According to Credit Suisse and Standard Chartered, a disorderly Greece exit would lead to contagion across the currency bloc, triggering a recession in the city-state. Standard Chartered forecasts the economy will contract 0.3 percent in 2012 under this scenario.
“(If) the region enters a full-blown crisis, then there is no doubt that Singapore would be amongst the worst impacted of all Asian economies,” Robert Prior-Wandesforde, Director of Asian Economics at Credit Suisse said in a note.
With Singapore’s exports to Europe making up 12.2 percent of the country’s gross domestic product (GDP), Prior-Wandesforde says a “major trade shock” for Singapore would be inevitable. The country’s main shipments to the European bloc, its biggest export market, include electronics and petrochemicals.
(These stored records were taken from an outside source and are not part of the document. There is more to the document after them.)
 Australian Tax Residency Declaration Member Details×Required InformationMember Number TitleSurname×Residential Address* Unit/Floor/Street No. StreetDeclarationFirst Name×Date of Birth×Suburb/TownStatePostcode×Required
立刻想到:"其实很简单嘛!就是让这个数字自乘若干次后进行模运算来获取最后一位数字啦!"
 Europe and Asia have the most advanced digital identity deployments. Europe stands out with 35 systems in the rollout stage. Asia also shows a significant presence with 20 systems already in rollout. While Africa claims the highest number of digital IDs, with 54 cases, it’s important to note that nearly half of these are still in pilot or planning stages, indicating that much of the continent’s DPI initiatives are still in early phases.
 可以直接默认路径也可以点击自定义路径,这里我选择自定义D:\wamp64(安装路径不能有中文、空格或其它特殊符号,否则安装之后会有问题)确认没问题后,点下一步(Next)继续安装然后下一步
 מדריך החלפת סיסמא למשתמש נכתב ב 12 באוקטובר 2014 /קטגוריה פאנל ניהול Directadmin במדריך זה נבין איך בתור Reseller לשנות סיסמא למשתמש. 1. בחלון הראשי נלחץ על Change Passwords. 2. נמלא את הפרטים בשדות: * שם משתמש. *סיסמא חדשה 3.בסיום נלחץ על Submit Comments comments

By contrast, for neighbors Malaysia and Taiwan, exports to Europe make up just 7.6 and 5.1 percent, respectively, of their GDP.
Economists at Standard Chartered note that not only would exports to Europe be hurt, but a widespread crisis across the single currency bloc would also impact the Singapore’s trade with countries outside Europe.
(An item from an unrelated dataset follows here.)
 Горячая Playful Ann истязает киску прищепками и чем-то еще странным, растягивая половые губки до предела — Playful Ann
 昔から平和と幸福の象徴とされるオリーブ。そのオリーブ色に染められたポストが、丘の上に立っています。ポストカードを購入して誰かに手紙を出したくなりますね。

"Potential contagion via trade is likely to remain high, similar to 2008-09. The indirect impact of weakness in Europe via its effects on the U.S. and China should also be noted,” Tai Hui, Head of Regional Research for Asia at Standard Chartered, said in a report.
In addition to trade shocks, Prior-Wandesforde warns that the economy is also vulnerable to a withdrawal of bank funding by European lenders. Euro zone banks make up over 23 percent of domestic lending in Singapore, the highest among peers in Asia.
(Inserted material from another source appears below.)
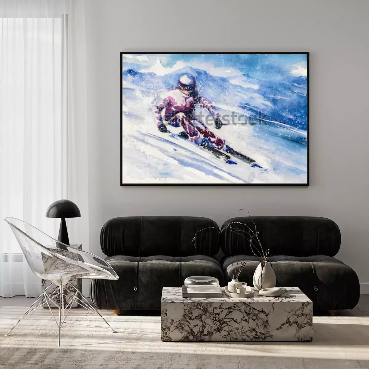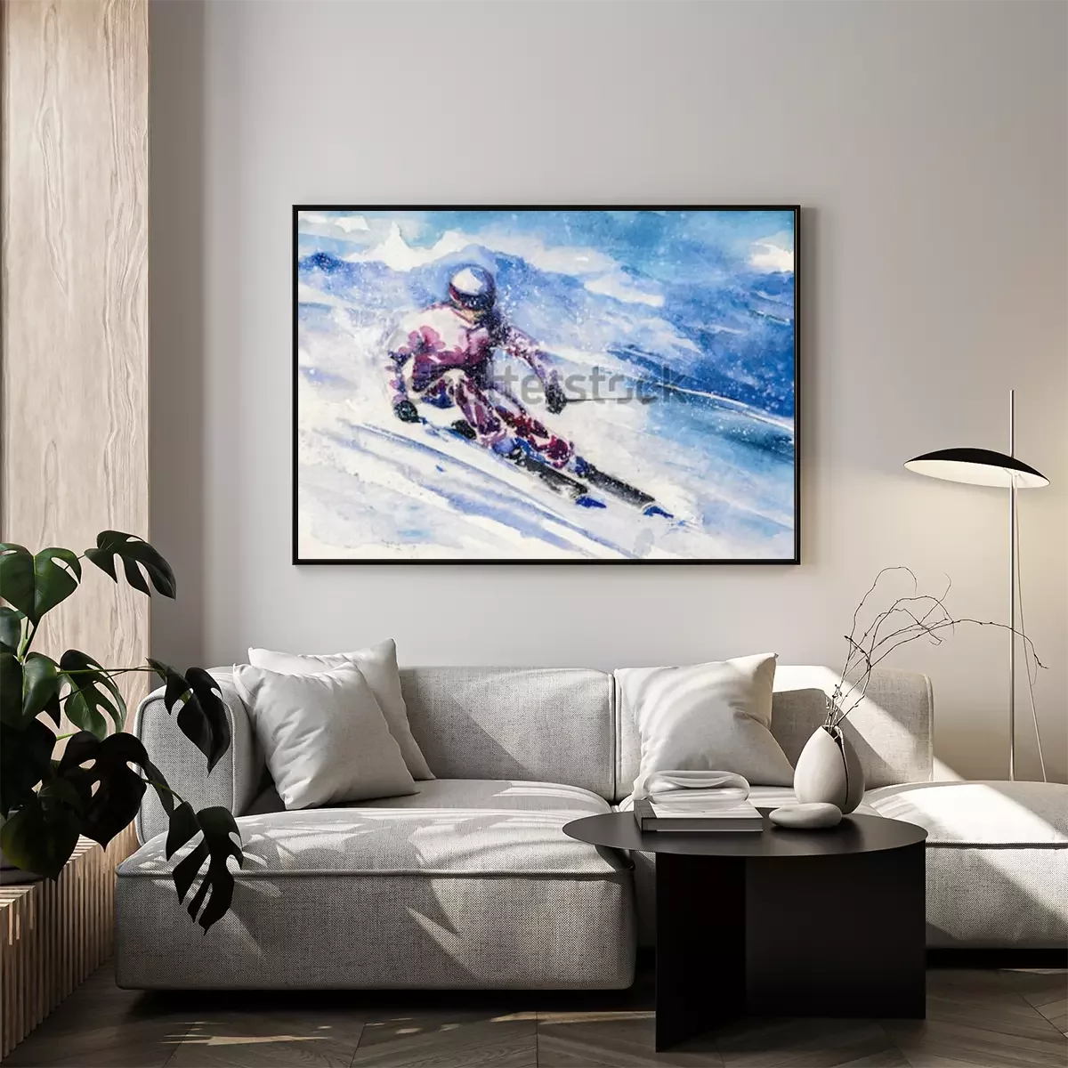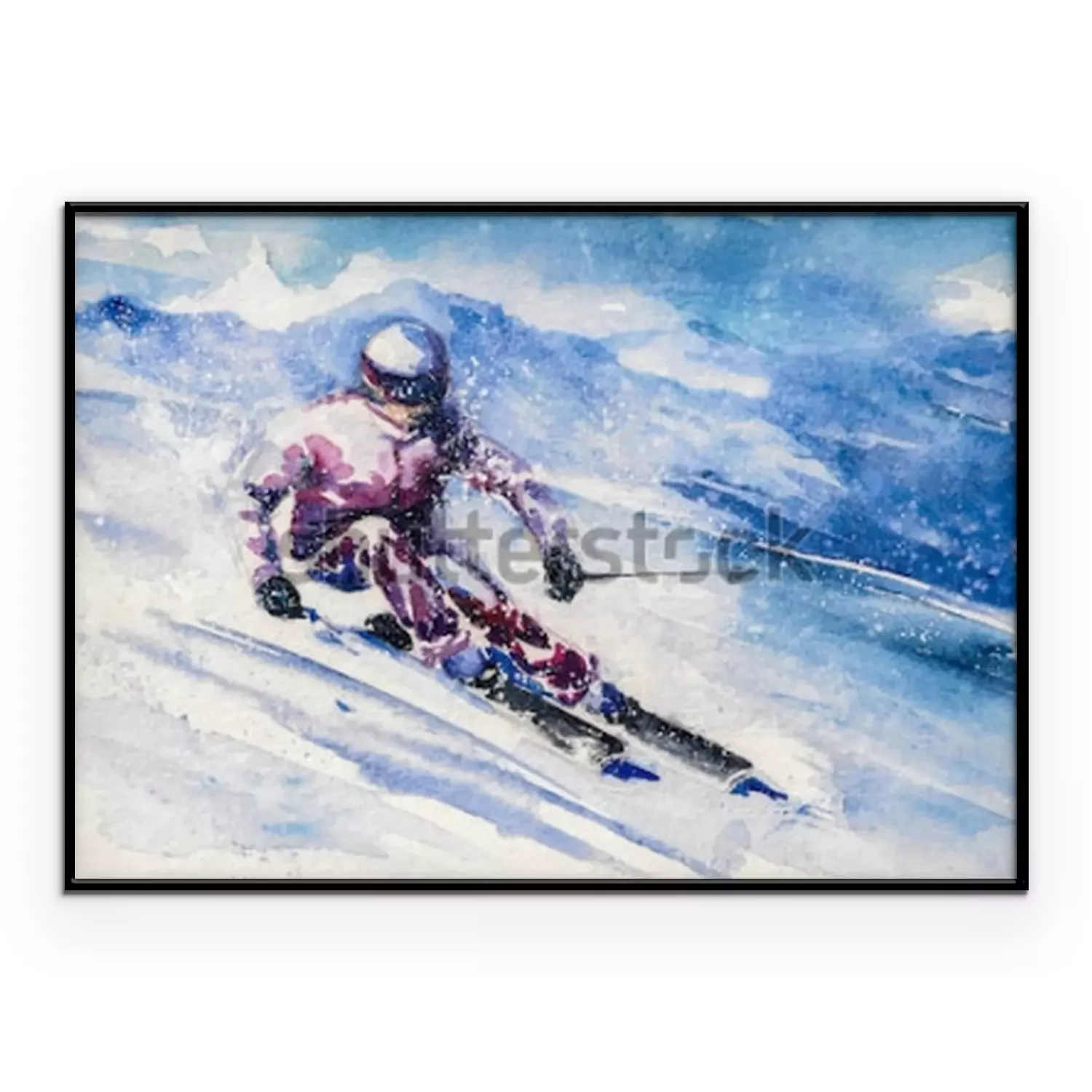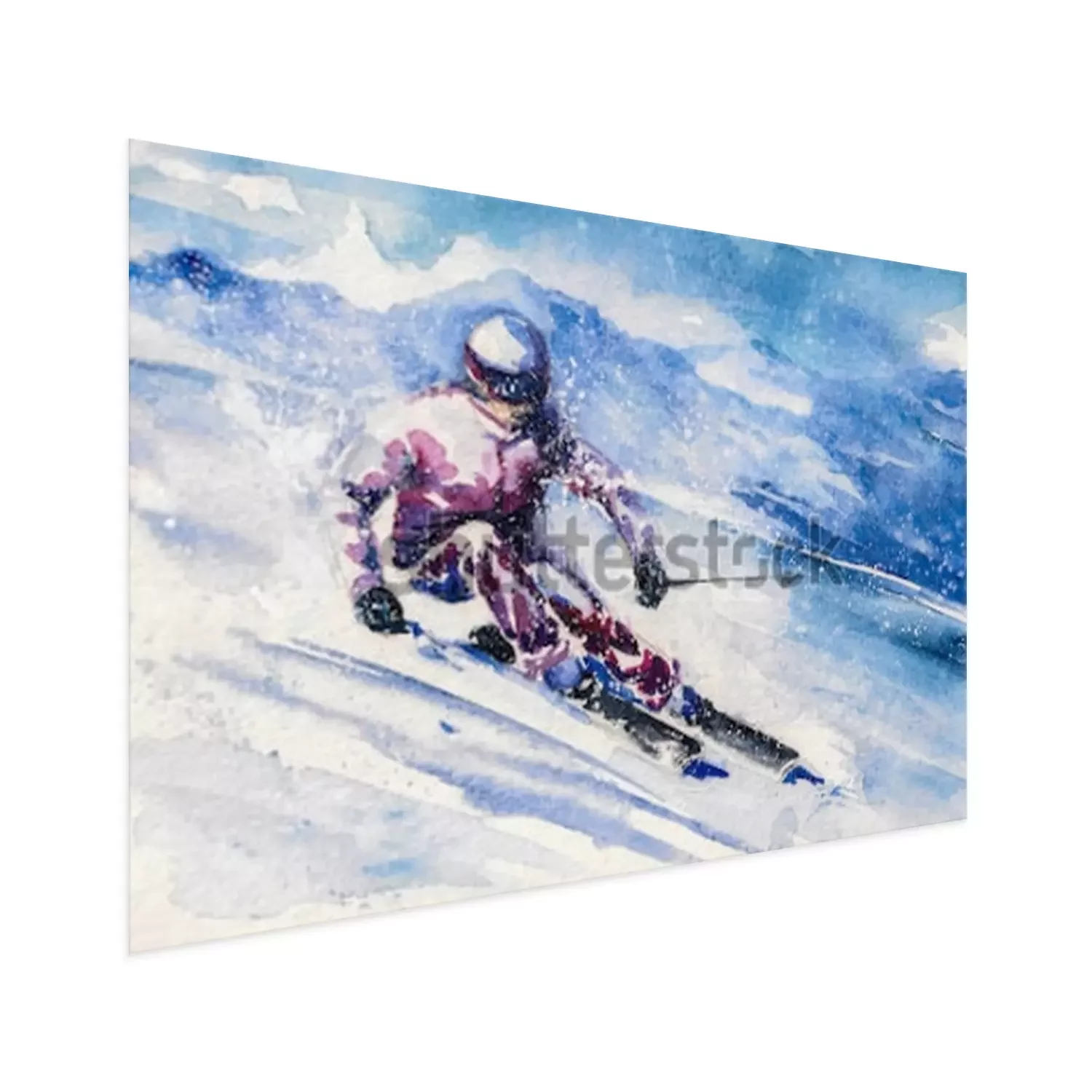 Poster: Bergskiër glijdt van de berg.

Singapore also has among the biggest private sector holdings of European debt and equities in Asia, according to Credit Suisse. These debt holdings however account for just 1.6 percent of GDP, while equity holdings make up almost 1 percent, adds Prior-Wandesforde.
On the bright side, economists say that Singapore has a huge amount of fiscal flexibility to tackle a major growth shock.
“(Singapore) has sizeable fiscal savings, as well as assets parked in its two sovereign wealth funds. Asian governments are already preparing for the worst and could quickly implement fresh stimulus measures,” Hui said.